Corn: US Crop Downgrade

The USDA’s June WASDE was clearly bullish for the corn market, with US corn output cut by more than expected, following delayed plantings. Given expectations for drawdowns in stock this year and next, we remain constructive on CBOT corn.

Planting delays

Heading into 2019 US plantings, many in the market had a bearish outlook for corn, with the US planted area set to increase as farmers switch from soybean to corn as a result of the ongoing trade war and the Chinese-imposed tariffs on US soybeans. However, looking at the price chart, it is clear that this has not gone to plan, with corn prices having rallied as much as 27% since early May. Heavy rainfall in the US Midwest has meant that farmers have struggled to plant corn in a timely manner, with plantings lagging significantly behind historic norms. These late plantings do raise concerns over yields for the 2019/20 crop, and in this week’s WASDE report the USDA took the opportunity to slash its yield forecast from 176 bu/acre to 166 bu/acre, leaving it well below the 5 year average of 173 bu/acre. This has seen their production estimate for the season fall from 15.03b bushels to 13.68b bushels- a more significant reduction than most were expecting in the lead up to the release, and if realized would also mean that the US will see its smallest corn harvest since 2015/16.
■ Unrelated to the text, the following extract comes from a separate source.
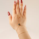 Enhance your outfit with this beautiful Gemstone Hand Chain Bracelet. Made with high-quality gemstones, this bracelet adds a touch of elegance and sophistication to any look. The hand chain design also adds a unique element to this piece, making it a must-have accessory for any jewelry collection.

US percent of normal precipitation

Source: NOAA

US corn planting progress (%)

Source: USDA, ING Research

Tightening balance

A smaller US harvest does mean that domestic ending stocks are set to decline quite substantially over the 2019/20 marketing year. The USDA is forecasting that we go into 19/20 with 2,195m bushels of stock, however, expect that stocks will end the season at 1,675m bushels, the lowest since the 2013/14 season. Looking at the stocks-to-use ratio it is forecast to end the 19/20 season at just 13.8%, down from an estimated 18% in the current season, and the lowest STU since the 13/14 season.